La diplomatie chinoise n’a pas encore répondu aux questions posées des autorités birmanes après leur découverte du mur. Difficile de conclure encore sur l’ambition finale du projet. La presse officielle chinoise qualifie cette barrière de « mur pour la sécurité » (安全墙), érigé en « coopération avec la Birmanie » pour lutter contre le Covid-19. La ville chinoise de Ruili sur la frontière birmane a en effet été mise en quarantaine stricte en septembre suite à l’importation du virus depuis la Birmanie. Alors que le Covid-19 semble largement sous contrôle en Chine, le pays d’Aung San Suu Kyi depuis août dernier n’a pas réussi à endiguer les nouvelles contaminations et comptait 128 772 cas ce vendredi 8 janvier. Les craintes chinoises d’une infiltration du virus via la frontière birmane évoquent déjà une longue histoire de transmission du virus du sida depuis la Birmanie vers la Chine depuis les années 1980.

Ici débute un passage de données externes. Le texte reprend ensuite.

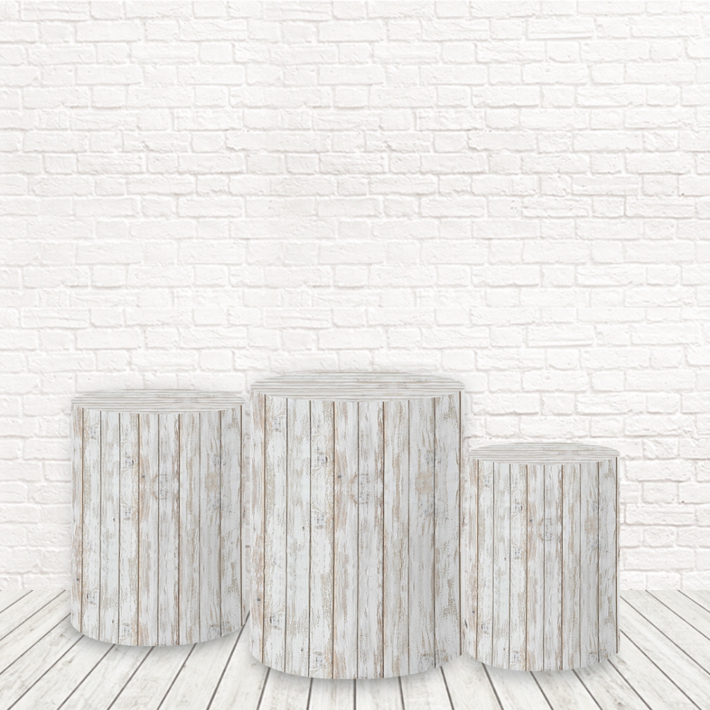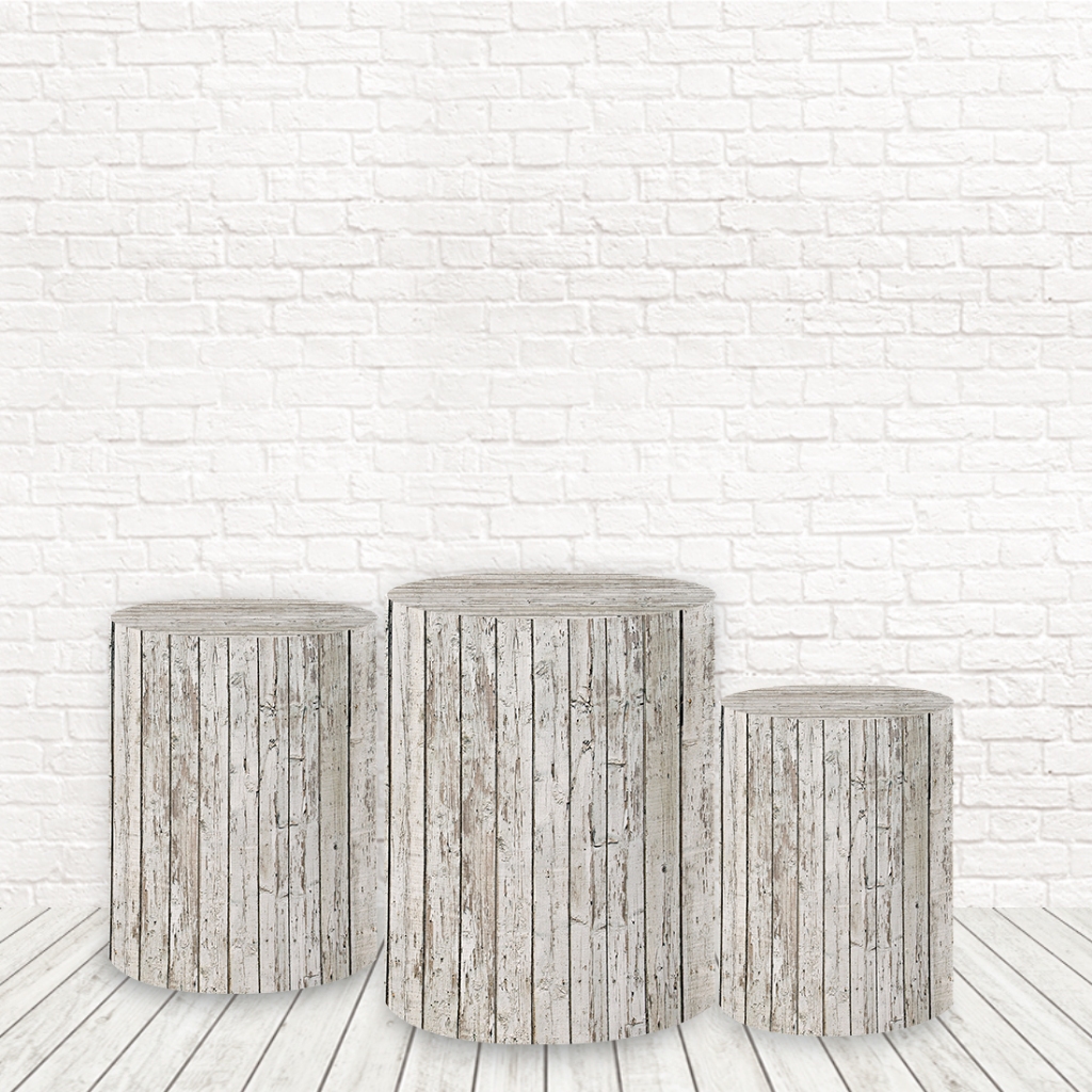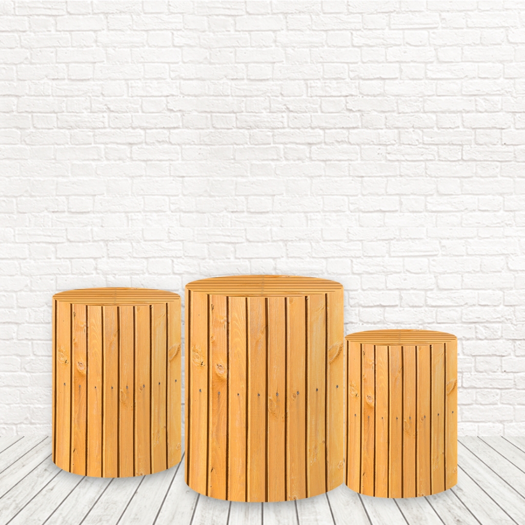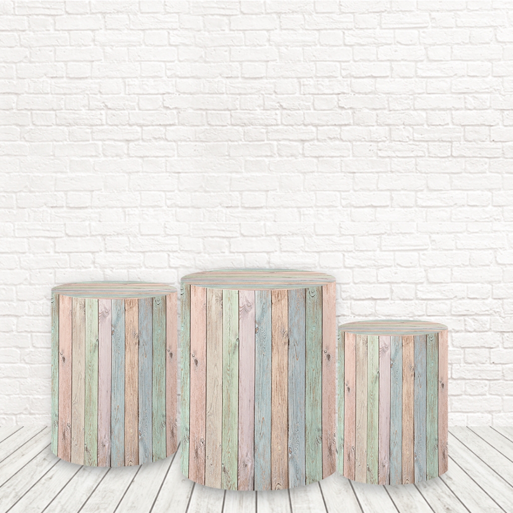 Trio de Capas Cilindros Festa Tecido Sublimado 3D Ripado Madeira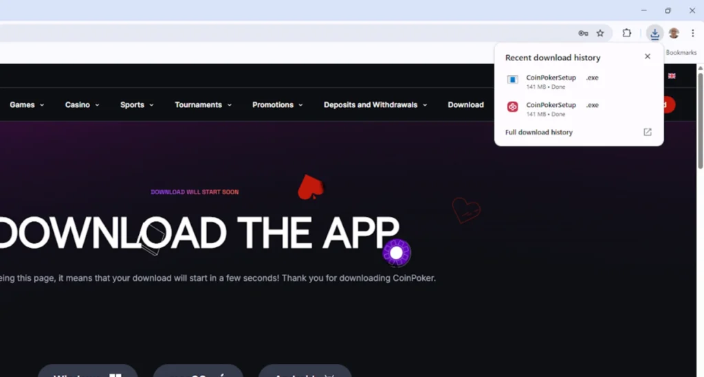 If you want to know how to install CoinPoker on Windows, this is the right place to be. We’ll walk you through the full process, from the first steps all the way to gameplay.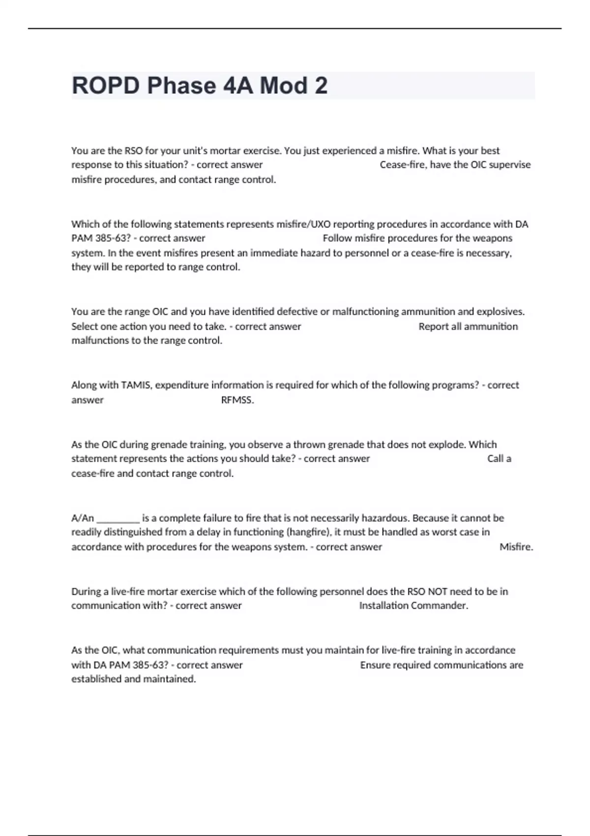 You are the RSO for your unit's mortar exercise. You just experienced a misfire. What is your best response to this situation? - correct answer Cease-fire, have the OIC supervise misfire procedures, and contact range control. Which of the following statements represents misfire/UXO reporting procedures in accordance with DA PAM 385-63? - correct answer Follow misfire procedures for the weapons system. In the event misfires present an immediate hazard to personnel or a cease-fire is necessary, they will be reported to range control. You are the range OIC and you have identified defective or malfunctioning ammunition and explosives. Select one action you need to take. - correct answer Report all ammunition malfunctions to the range control. Along with TAMIS, expenditure information is required for which of the following programs? - correct answer RFMSS. As the OIC during grenade training, you observe a thrown grenade that does not explode. Which statement represents the actions you should take? - correct answer Call a cease-fire and contact range control. A/An ________ is a complete failure to fire that is not necessarily hazardous. Because it cannot be readily distinguished from a delay in functioning (hangfire), it must be handled as worst case in accordance with procedures for the weapons system. - correct answer Misfire. During a live-fire mortar exercise which of the following personnel does the RSO NOT need to be in communication with? - correct answer Installation Commander. As the OIC, what communication requirements must you maintain for live-fire training in accordance with DA PAM 385-63? - correct answer Ensure required communications are established and maintained. You are an RSO for a live-fire mortar exercise. There are several people with whom you need to communicate. You know that you need communications with range control, gate and tower guards, observers, and... - correct answer The OIC. While conducting a live-fire exercise one of your soldiers is hit in the arm by a ricochet fragment and it looks like he will need medical attention. What is the first step in the emergency procedure that you would do? - correct answer Call cease-fire and start first aid as needed. Your live-fire exercise is going as planned when PVT Sanchez yells to tell you that LT Jones has been hit by a ricochet fragment in the face. LT Jones is conscious, but it is clear that he needs emergency medical attention. In this scenario, which of the following general emergency procedures would you NOT perform to get LT Jones treated? - correct answer Move everybody away. What steps are utilized in initiating a response to a medical emergency? - correct answer Call a cease-fire and begin first aid; gain and maintain contact with Range Control. According to AR 385-63, what is the definition of a non-standard item of explosive or ammunition? - correct answer Any explosive or ammunition that has not been accepted and type classified for use by the U.S. military. ________ are the Army publications that provide safety policies, standards, responsibilities, and procedures for implementing and maintaining the U.S. Army Explosives Safety Program. - correct answer AR 385-10 and DA PAM 385-64. In accordance with DA PAM 385-63, select the statement that best represents the requirements when training with live and blank or dummy ammunition. - correct answer Live and blank ammunition will not be stored in, or issued from, the same building at the same time. Which of the following is NOT a commonly used range warning symbol? - correct answer Warning symbol 2 (Yellow caution tape) Range control provided you with a red streamer when you checked out range 7 from machine gun qualifications. When you arrived, you found that your range is equipped with a tower, two forward observation platforms, red limit markers, and a road gate which is the only entrance to the range. The tower has a streamer and a red flashing lights. The observation platform is adjacent to the range and far from foot or vehicle traffic. Which of these areas should be fitted with the red streamer? - correct answer The road gate. What is the purpose of warning signs and signals for range safety? - correct answer Warning signs and signals warn personnel of the risk of entering a range. You are the OIC for an exercise. Lightning strikes close to your range while your unit is firing. This exercise is very important to your unit's overall readiness. The lightning is getting closer, but hasn't stuck the range yet. You cannot control the weather and you need to consider the safety of personnel. Select the best action from the choices below. - correct answer Order a cease-fire, get participants out of danger, an
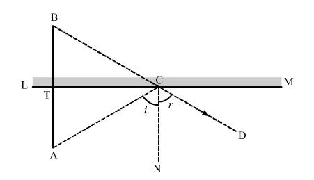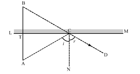 Given: An object is placed at a point A, the image of the object is seen at the point B, an observer is at point D, and LM is a plane mirror.

Difficile pourtant de croire que ce projet qui s’étalerait sur 3 ans et a nécessité une sérieuse préparation ne serait motivé que par le Covid-19. Les slogans accrochés le long de la barrière soulignent deux objectifs : « Luttons contre les sorties illégales du territoire, prévenons l’importation étrangère du virus ». * Beaucoup des journalistes occidentaux, à commencer par la rédaction de Radio Free Asia ont décrit le mur comme une prison pour retenir les dissidents chinois tentés par la fuite vers le Sud-Ouest. Si cette théorie peut évoquer la place du Yunnan comme l’échappée des exilés chinois à l’instar du dernier prétendant Ming (Zhu Youlang, 朱由榔) ou des nationalistes du Kuomintang, la Chine a depuis renforcé son contrôle sur les frontières birmanes en soutenant les puissants groupes armés autonomes Wa, Kokang, Ta’Ang et Kachin. Dans ces enclaves frontalières se dressent de somptueux casinos, des marchés où s’échangent pangolins, tigres, prostitués, opium et méthamphétamine.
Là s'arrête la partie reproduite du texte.